** Record set **
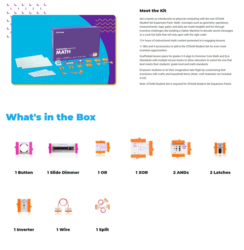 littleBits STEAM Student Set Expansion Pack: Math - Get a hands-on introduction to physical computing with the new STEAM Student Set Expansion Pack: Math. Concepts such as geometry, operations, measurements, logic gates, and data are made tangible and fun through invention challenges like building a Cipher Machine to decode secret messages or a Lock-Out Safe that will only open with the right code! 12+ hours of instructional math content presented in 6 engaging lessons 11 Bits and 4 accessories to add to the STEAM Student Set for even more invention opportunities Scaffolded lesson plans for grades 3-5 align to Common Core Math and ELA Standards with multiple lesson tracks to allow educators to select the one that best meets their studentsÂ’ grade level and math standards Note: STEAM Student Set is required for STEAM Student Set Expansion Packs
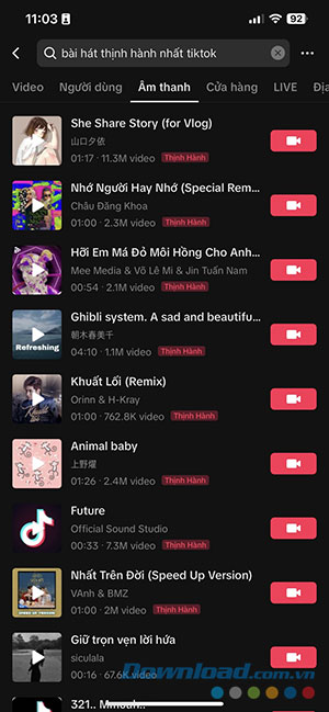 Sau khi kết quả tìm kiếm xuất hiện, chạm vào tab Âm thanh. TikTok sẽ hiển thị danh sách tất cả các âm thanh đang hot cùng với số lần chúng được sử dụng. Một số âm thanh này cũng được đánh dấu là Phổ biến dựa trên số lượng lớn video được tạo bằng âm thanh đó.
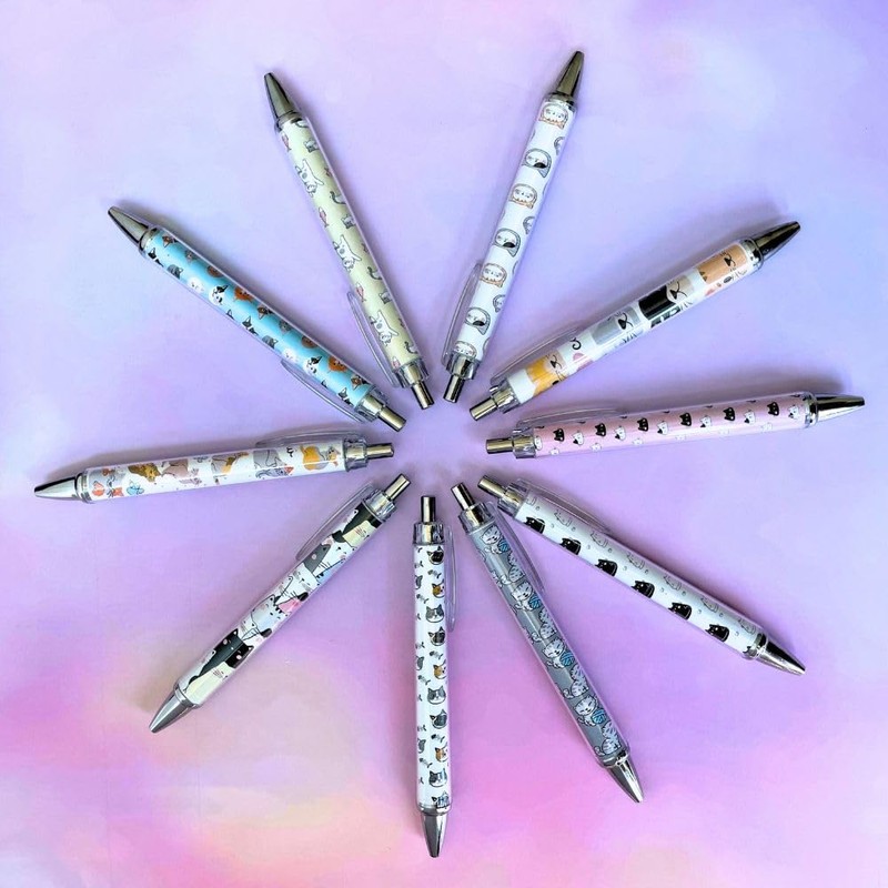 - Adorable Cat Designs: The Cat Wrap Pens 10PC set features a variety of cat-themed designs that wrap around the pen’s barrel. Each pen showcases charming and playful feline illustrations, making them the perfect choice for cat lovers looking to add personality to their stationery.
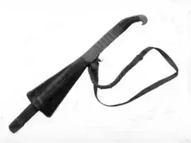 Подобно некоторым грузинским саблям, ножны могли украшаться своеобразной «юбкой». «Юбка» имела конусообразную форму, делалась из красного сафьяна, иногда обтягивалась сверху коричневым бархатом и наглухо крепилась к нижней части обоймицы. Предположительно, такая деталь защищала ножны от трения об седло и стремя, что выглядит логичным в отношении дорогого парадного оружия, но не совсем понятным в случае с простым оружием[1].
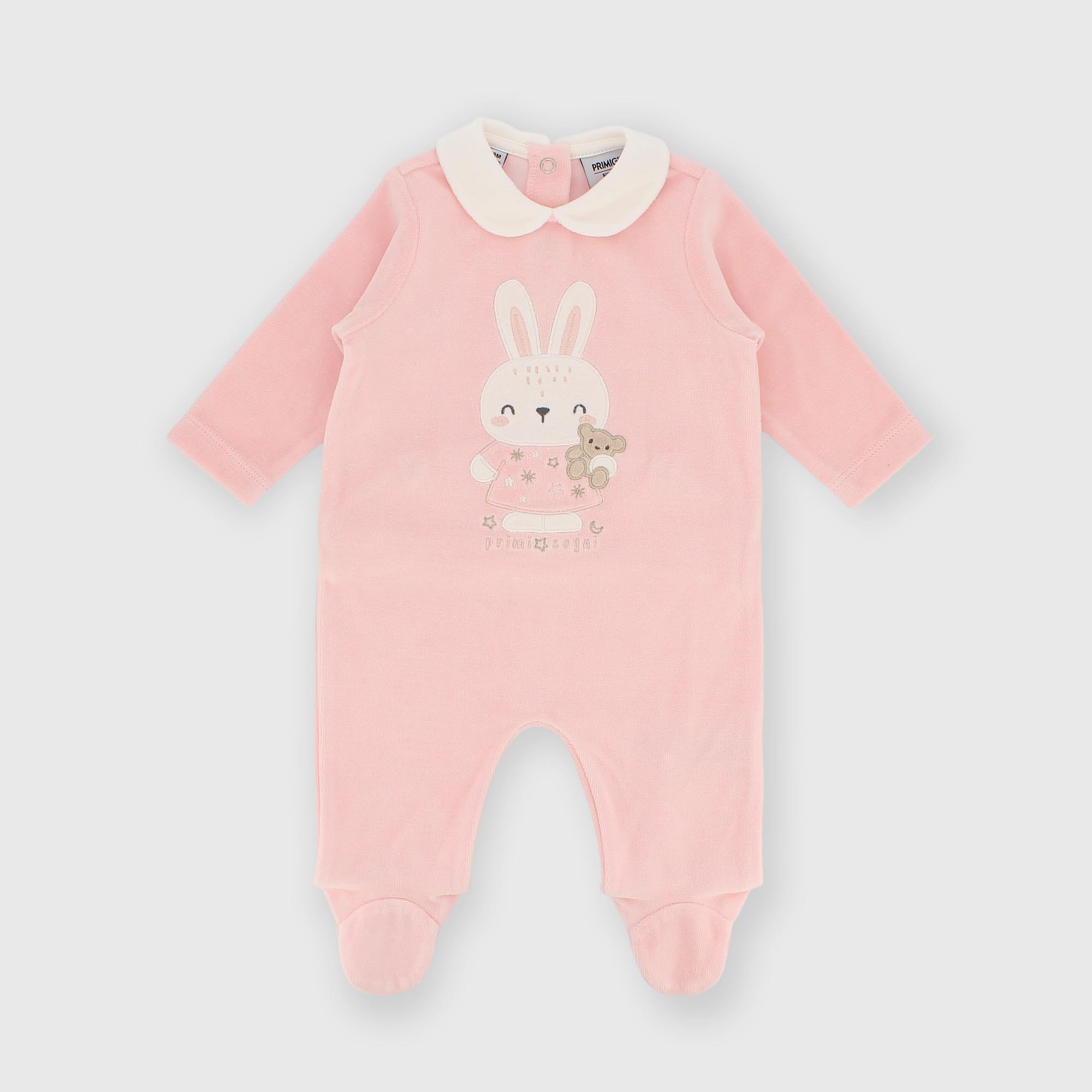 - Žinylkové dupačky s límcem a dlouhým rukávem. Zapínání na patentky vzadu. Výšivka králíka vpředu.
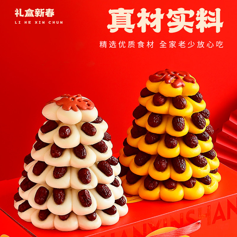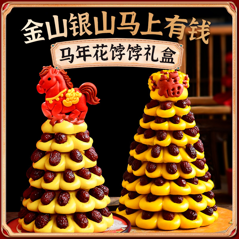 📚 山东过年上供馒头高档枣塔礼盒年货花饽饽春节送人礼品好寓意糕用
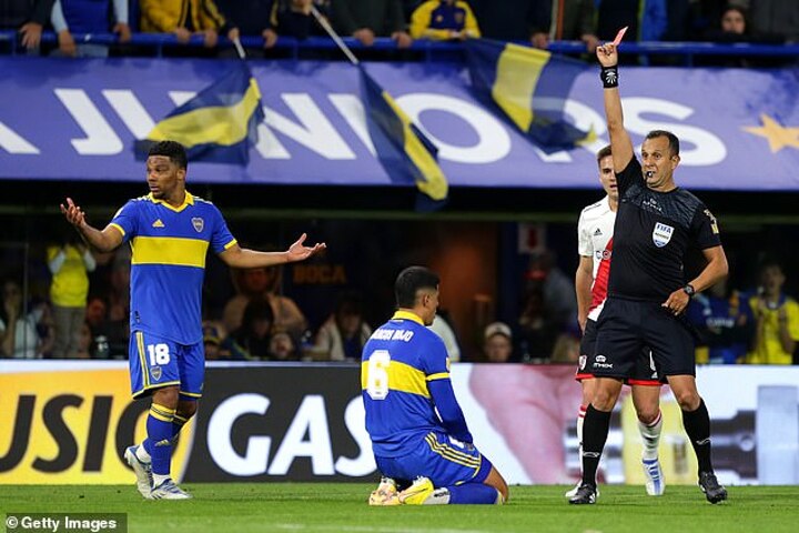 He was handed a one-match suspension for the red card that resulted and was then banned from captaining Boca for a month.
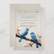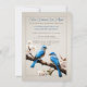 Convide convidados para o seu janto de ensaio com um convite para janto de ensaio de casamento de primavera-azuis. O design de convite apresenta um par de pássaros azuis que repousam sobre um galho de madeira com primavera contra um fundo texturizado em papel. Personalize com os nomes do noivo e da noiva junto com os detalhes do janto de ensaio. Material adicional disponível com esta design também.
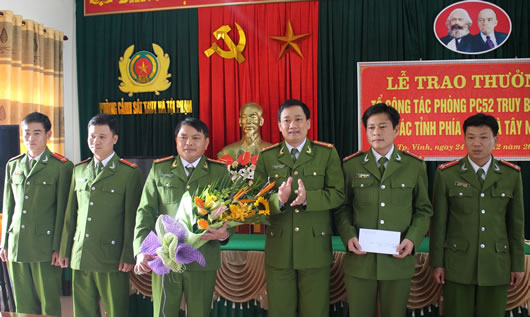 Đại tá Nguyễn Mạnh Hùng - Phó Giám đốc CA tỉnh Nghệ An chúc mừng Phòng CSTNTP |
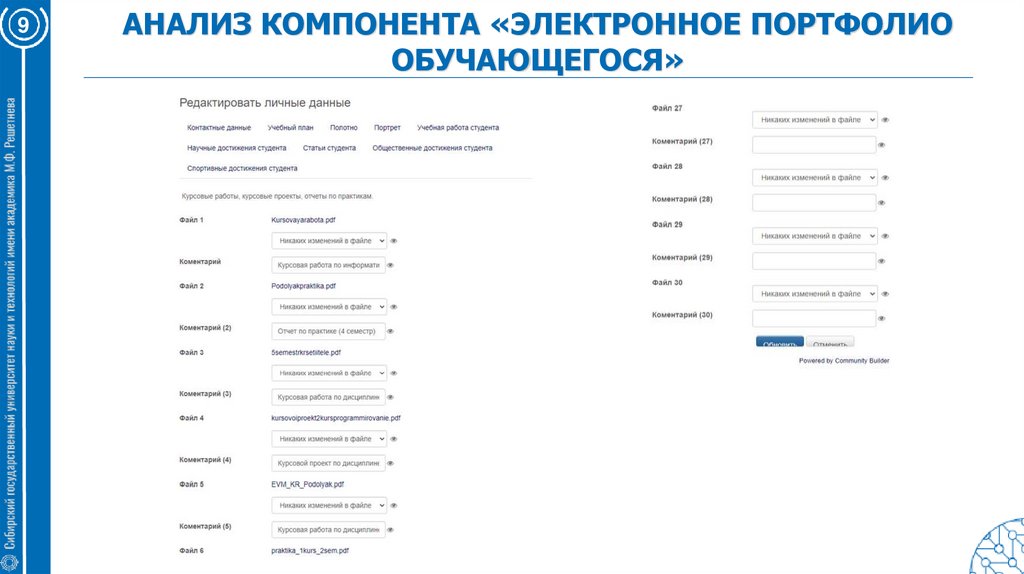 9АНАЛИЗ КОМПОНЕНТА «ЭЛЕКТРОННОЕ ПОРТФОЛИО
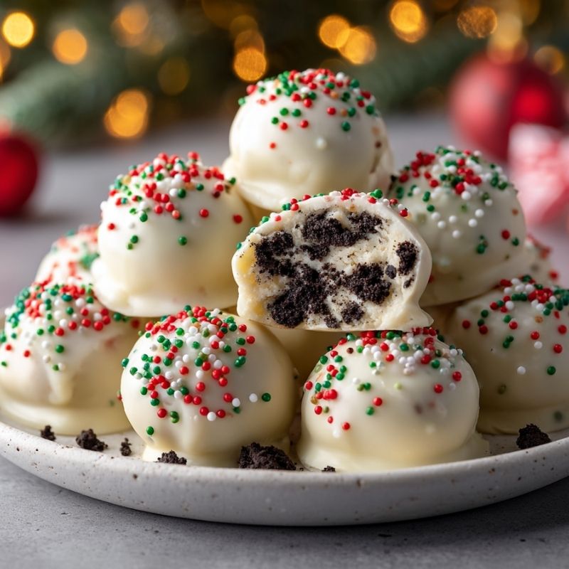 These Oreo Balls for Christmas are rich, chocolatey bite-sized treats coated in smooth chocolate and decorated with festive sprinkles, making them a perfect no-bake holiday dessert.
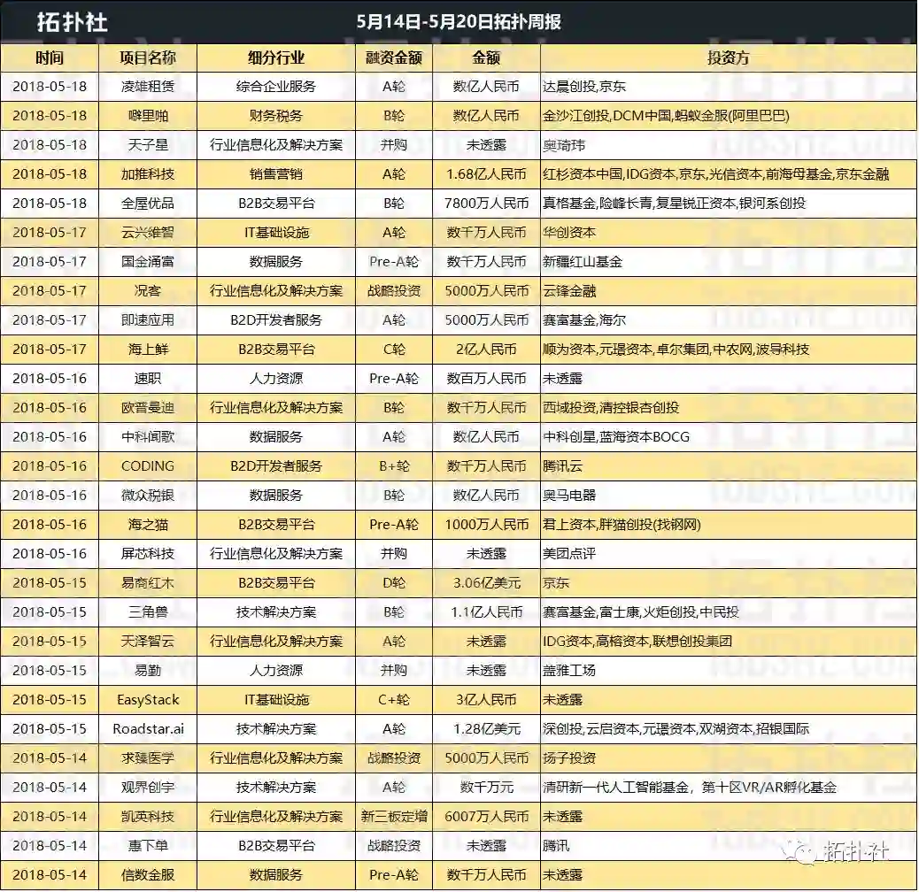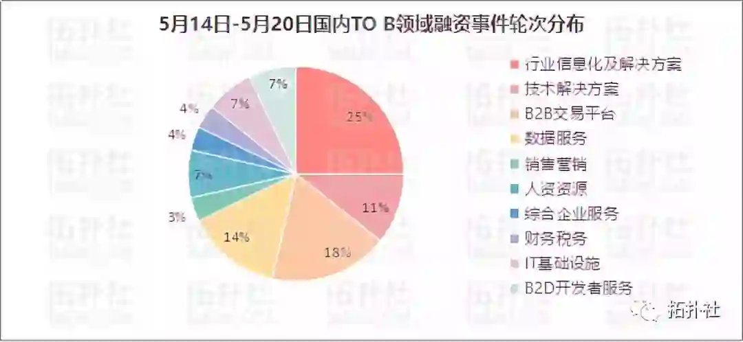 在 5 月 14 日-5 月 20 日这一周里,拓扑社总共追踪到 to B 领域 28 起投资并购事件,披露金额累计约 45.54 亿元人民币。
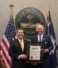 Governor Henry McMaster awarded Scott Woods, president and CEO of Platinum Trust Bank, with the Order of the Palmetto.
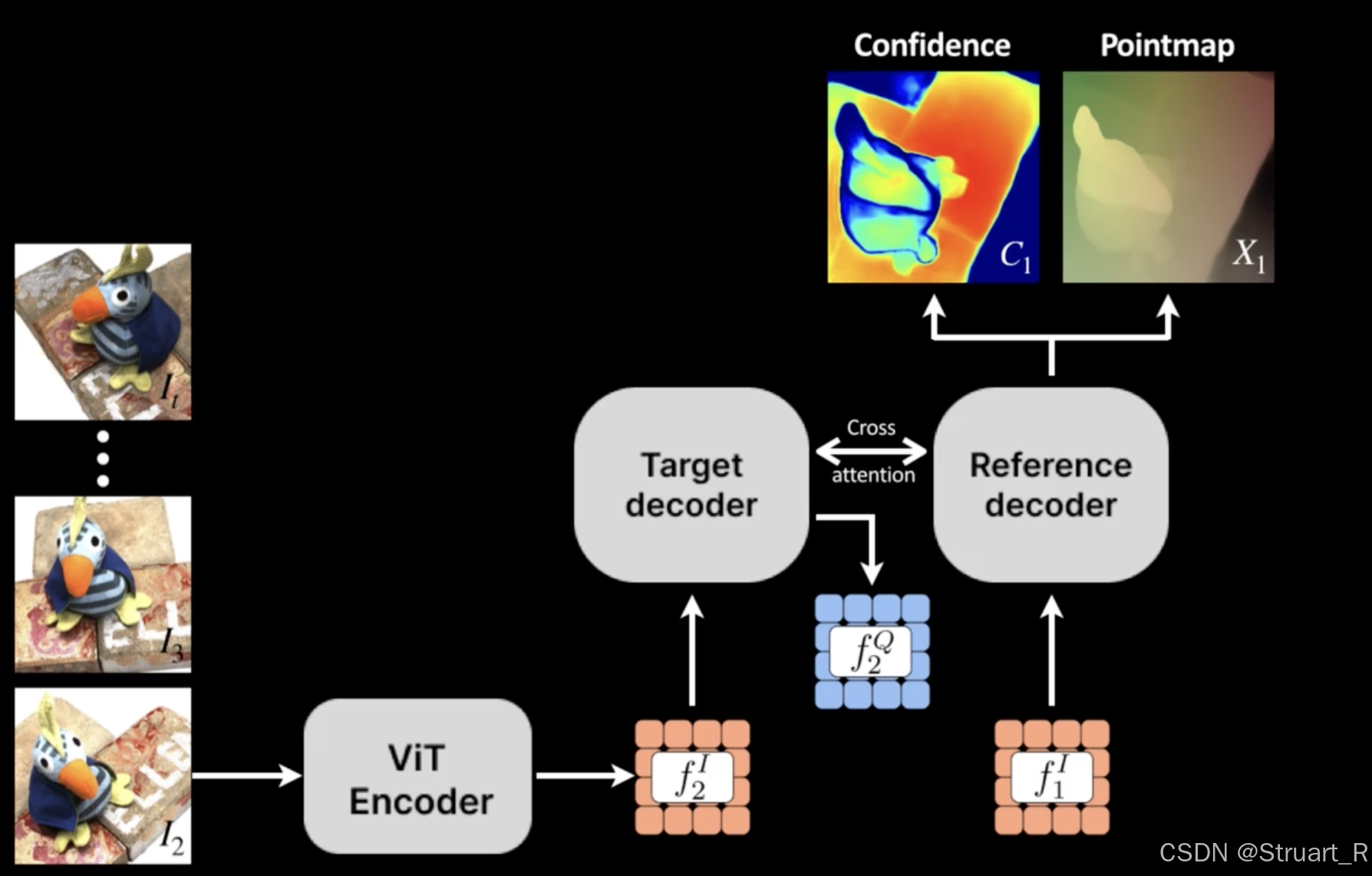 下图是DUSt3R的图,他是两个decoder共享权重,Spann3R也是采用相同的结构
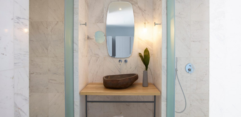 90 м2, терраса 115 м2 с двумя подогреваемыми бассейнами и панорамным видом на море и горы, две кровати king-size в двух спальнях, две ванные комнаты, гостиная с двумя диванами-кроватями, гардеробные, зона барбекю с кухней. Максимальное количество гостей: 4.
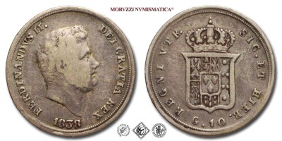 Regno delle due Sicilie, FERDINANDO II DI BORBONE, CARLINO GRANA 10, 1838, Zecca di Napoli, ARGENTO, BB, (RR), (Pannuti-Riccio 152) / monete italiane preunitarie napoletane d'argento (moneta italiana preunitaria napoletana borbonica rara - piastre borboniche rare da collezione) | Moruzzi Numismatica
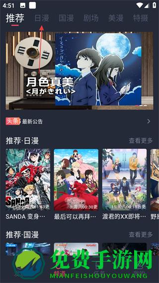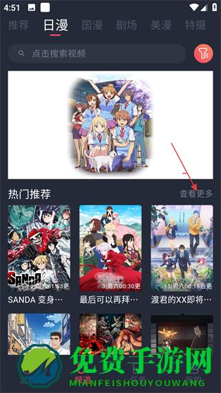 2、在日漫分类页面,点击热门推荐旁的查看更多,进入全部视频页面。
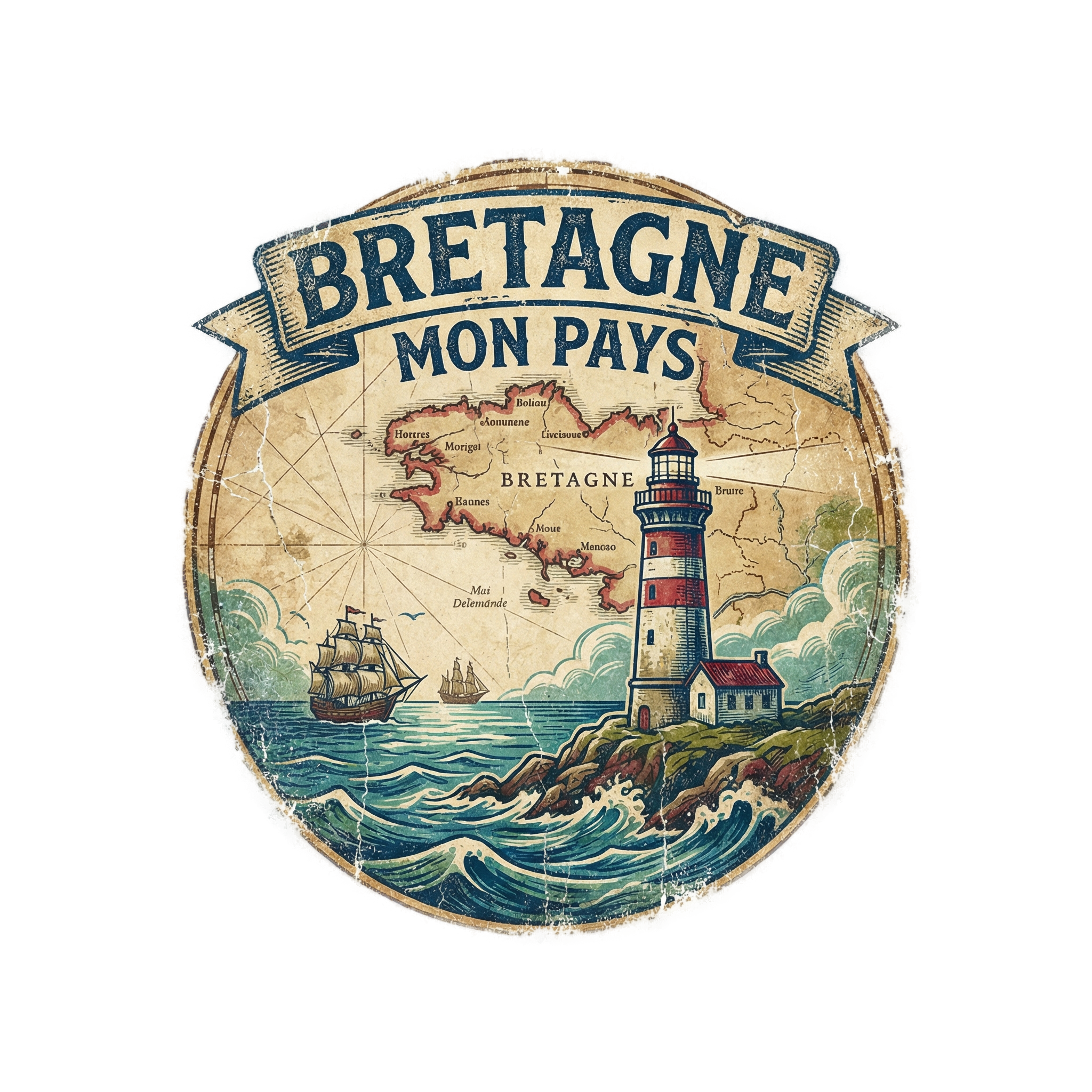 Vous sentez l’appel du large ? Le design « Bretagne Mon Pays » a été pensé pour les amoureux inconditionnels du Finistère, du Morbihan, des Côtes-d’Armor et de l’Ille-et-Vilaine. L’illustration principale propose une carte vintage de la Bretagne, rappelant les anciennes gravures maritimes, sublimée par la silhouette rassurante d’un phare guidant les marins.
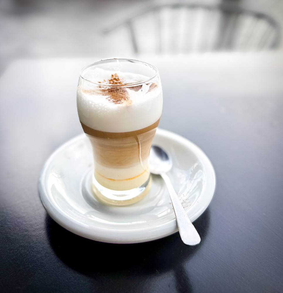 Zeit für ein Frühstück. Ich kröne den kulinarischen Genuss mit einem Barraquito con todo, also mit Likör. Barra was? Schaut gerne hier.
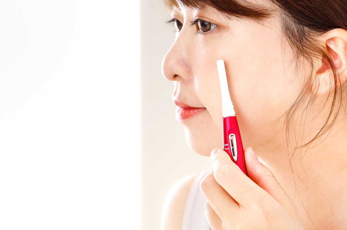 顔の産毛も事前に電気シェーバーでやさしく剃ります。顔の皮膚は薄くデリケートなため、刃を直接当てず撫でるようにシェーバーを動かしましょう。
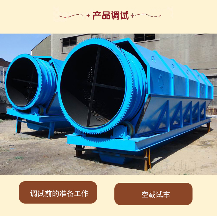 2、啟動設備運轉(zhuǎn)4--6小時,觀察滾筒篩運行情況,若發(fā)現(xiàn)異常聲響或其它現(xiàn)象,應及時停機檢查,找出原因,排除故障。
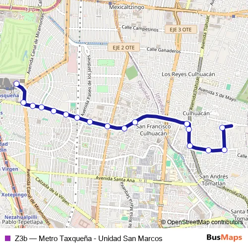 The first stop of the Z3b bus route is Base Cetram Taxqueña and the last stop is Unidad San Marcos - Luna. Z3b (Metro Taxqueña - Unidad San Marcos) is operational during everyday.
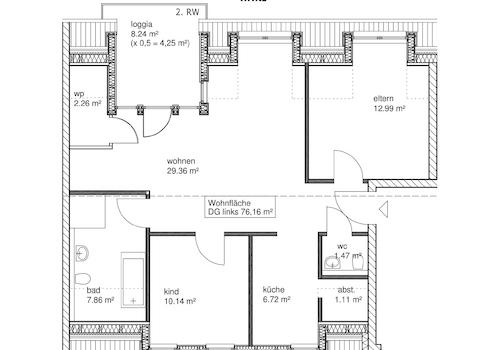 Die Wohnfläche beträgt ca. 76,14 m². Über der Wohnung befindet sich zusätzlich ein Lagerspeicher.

** What to produce **
Nothing but the lines above from the one that has "- Žinylkové dupačky" down to the one that has "90 м2, терраса" belongs in the answer, copied exactly, without pictures.

** Solution for this task **
 - Žinylkové dupačky s límcem a dlouhým rukávem. Zapínání na patentky vzadu. Výšivka králíka vpředu.
 📚 山东过年上供馒头高档枣塔礼盒年货花饽饽春节送人礼品好寓意糕用
 He was handed a one-match suspension for the red card that resulted and was then banned from captaining Boca for a month.
 Convide convidados para o seu janto de ensaio com um convite para janto de ensaio de casamento de primavera-azuis. O design de convite apresenta um par de pássaros azuis que repousam sobre um galho de madeira com primavera contra um fundo texturizado em papel. Personalize com os nomes do noivo e da noiva junto com os detalhes do janto de ensaio. Material adicional disponível com esta design também.
 Đại tá Nguyễn Mạnh Hùng - Phó Giám đốc CA tỉnh Nghệ An chúc mừng Phòng CSTNTP |
 9АНАЛИЗ КОМПОНЕНТА «ЭЛЕКТРОННОЕ ПОРТФОЛИО
 These Oreo Balls for Christmas are rich, chocolatey bite-sized treats coated in smooth chocolate and decorated with festive sprinkles, making them a perfect no-bake holiday dessert.
 在 5 月 14 日-5 月 20 日这一周里,拓扑社总共追踪到 to B 领域 28 起投资并购事件,披露金额累计约 45.54 亿元人民币。
 Governor Henry McMaster awarded Scott Woods, president and CEO of Platinum Trust Bank, with the Order of the Palmetto.
 下图是DUSt3R的图,他是两个decoder共享权重,Spann3R也是采用相同的结构
 90 м2, терраса 115 м2 с двумя подогреваемыми бассейнами и панорамным видом на море и горы, две кровати king-size в двух спальнях, две ванные комнаты, гостиная с двумя диванами-кроватями, гардеробные, зона барбекю с кухней. Максимальное количество гостей: 4.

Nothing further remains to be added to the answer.